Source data
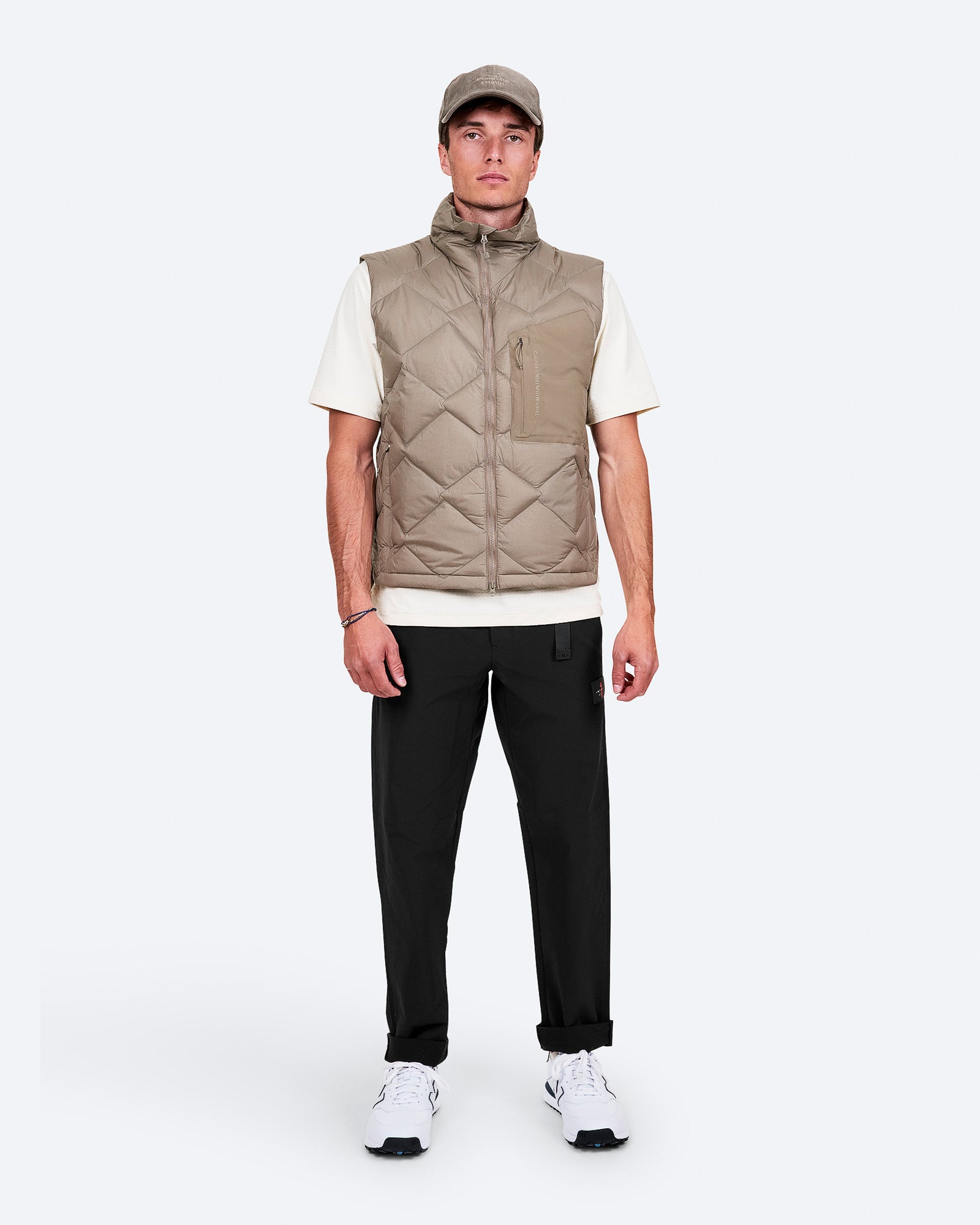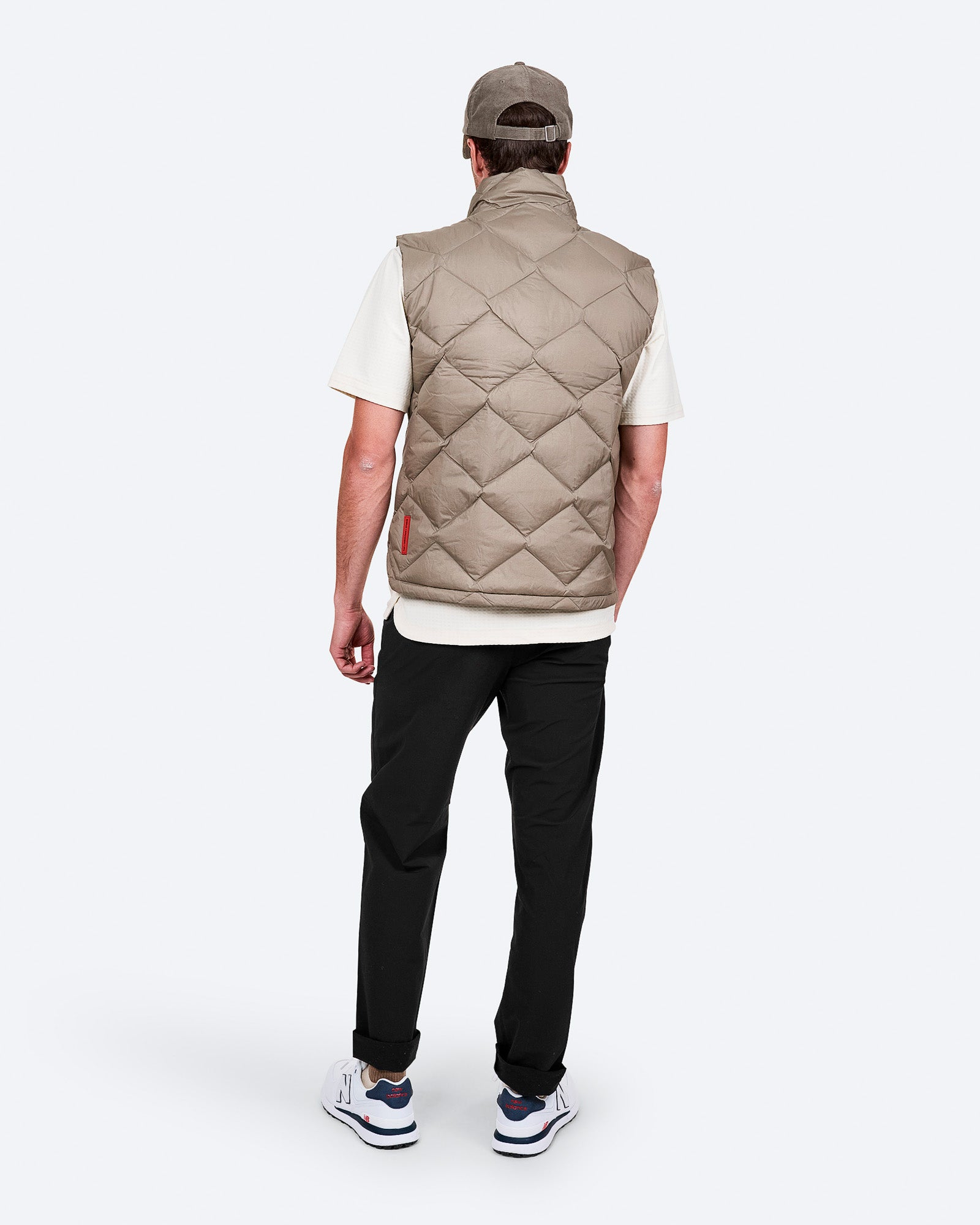 Filled with 700-fill-power, RDS-certified down and protected by a 100% nylon shell with a PFAS-free DWR finish, this premium warm vest delivers strong warmth-to-weight performance. Diamond quilt construction supports loft retention, and the two-way zipper allows for easy ventilation and fit adjustment. Multiple pockets, including two hand pockets, two inner pockets, and a zippered chest pocket, offer secure storage for essentials on the move.
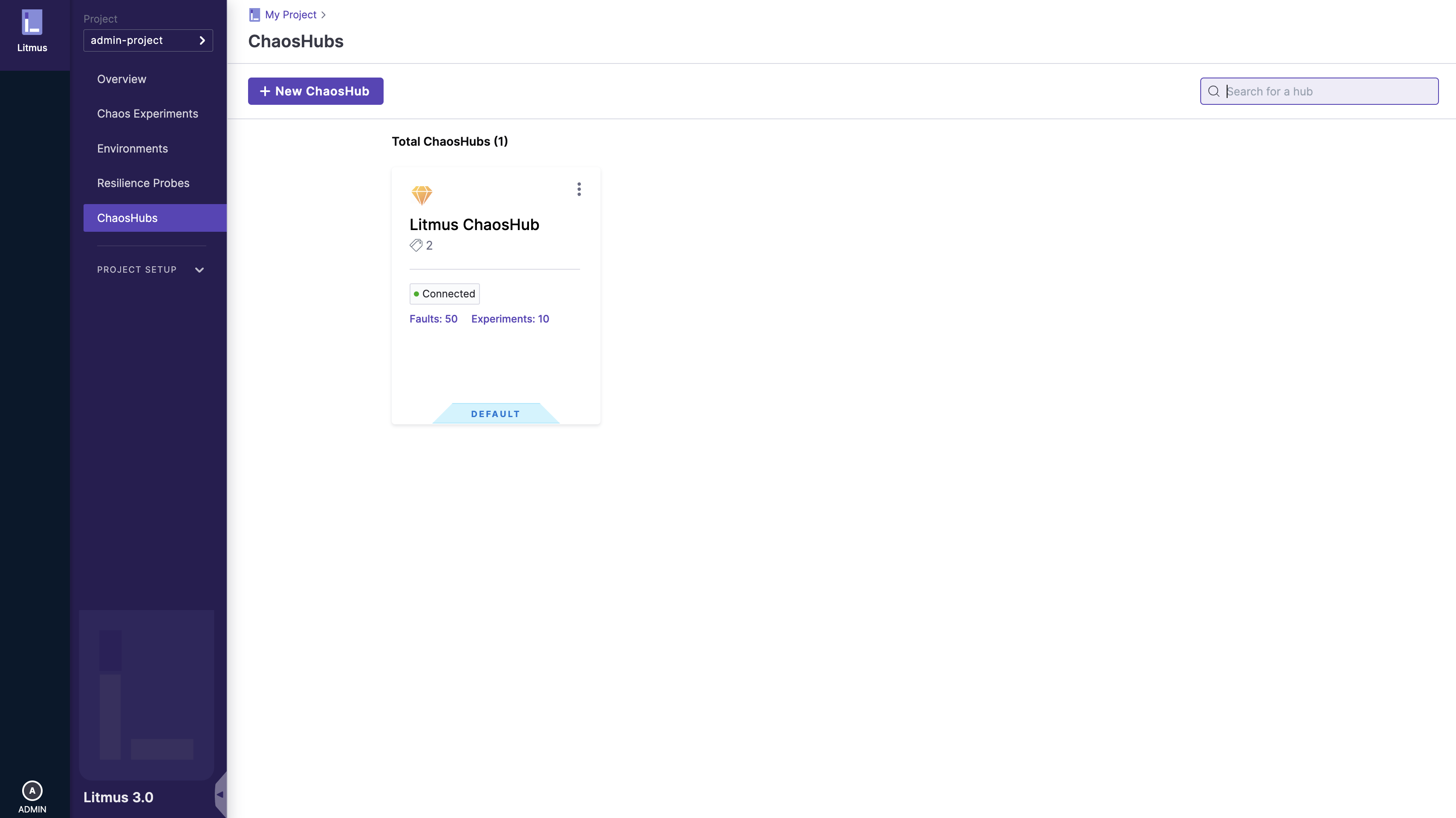 By default, a Public ChaosHub is provided when the ChaosCenter is installed for the first time.
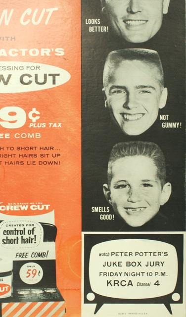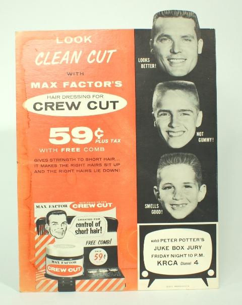 From the Max Factor Collection / Hair Dressing for Crew Cut Control Standing Cardboard Advertisement / Featuring Peter Potter's Juke Box Jury Friday Night 10 P.M. KRCA Channel 4 / { 14" H x 10" W}
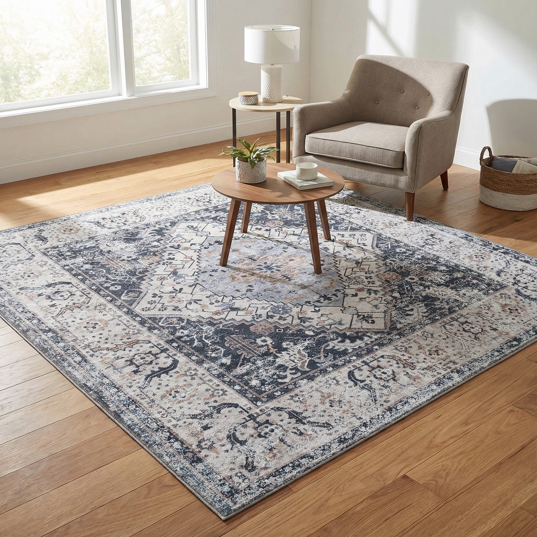 Primary color is Linen Charcoal. Colors in this rug include: Linen Charcoal, Beige, Gray, Ivory, Light Blue, Light Brown.
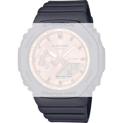 This G-Shock watch strap is made of resin and is attached to the watch by means of quick release pushpins. The band has a width of 24 mm and is closed by means of a buckle. The strap has no straight mount which means that this strap is only suitable for the watches listed below.
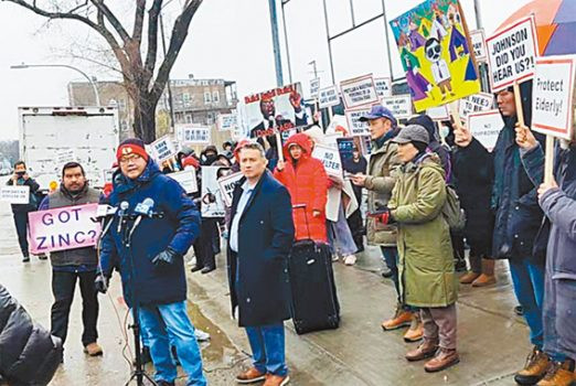 在26日下著細雪寒冷天氣中,居民聚集在38街夾加利福利亞大道的帳篷工地又一次舉行抗議行動,民眾憤怒的高喊「市長下台」、對市長約翰遜一再無視市民的反對、罔顧污染土地危害人類的健康、罔顧納稅人的基本知情權的行為感到異常的憤怒與不滿,呼籲發動罷免芝加哥市長約翰遜。
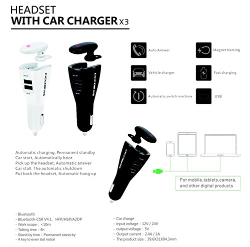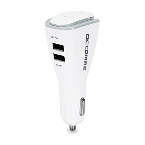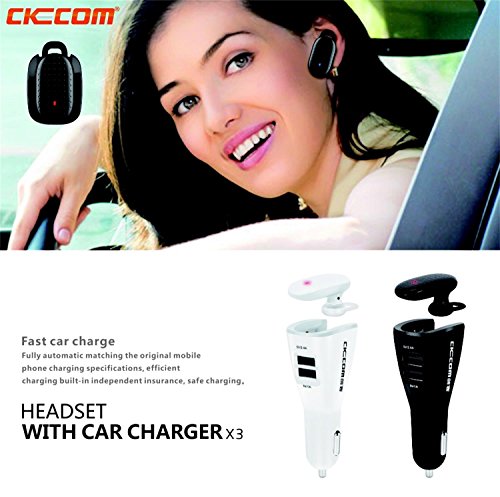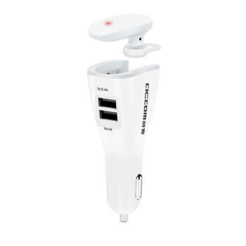 CKCOM Fast Car Charger Bluetooth Headset,2-in-1,Always has electricty ,Auto Answer,Wireless Earbud CSR4.1, Fit all car connections phone ,2USB,5V 3.4A,Automatic charging, just for safe driving (White)

| ACTIVITY |
Give back exactly the lines from the first line of the data through the line with "Primary color is", pictures excluded.

| RESPONSE AREA |
 Filled with 700-fill-power, RDS-certified down and protected by a 100% nylon shell with a PFAS-free DWR finish, this premium warm vest delivers strong warmth-to-weight performance. Diamond quilt construction supports loft retention, and the two-way zipper allows for easy ventilation and fit adjustment. Multiple pockets, including two hand pockets, two inner pockets, and a zippered chest pocket, offer secure storage for essentials on the move.
 By default, a Public ChaosHub is provided when the ChaosCenter is installed for the first time.
 From the Max Factor Collection / Hair Dressing for Crew Cut Control Standing Cardboard Advertisement / Featuring Peter Potter's Juke Box Jury Friday Night 10 P.M. KRCA Channel 4 / { 14" H x 10" W}
 Primary color is Linen Charcoal. Colors in this rug include: Linen Charcoal, Beige, Gray, Ivory, Light Blue, Light Brown.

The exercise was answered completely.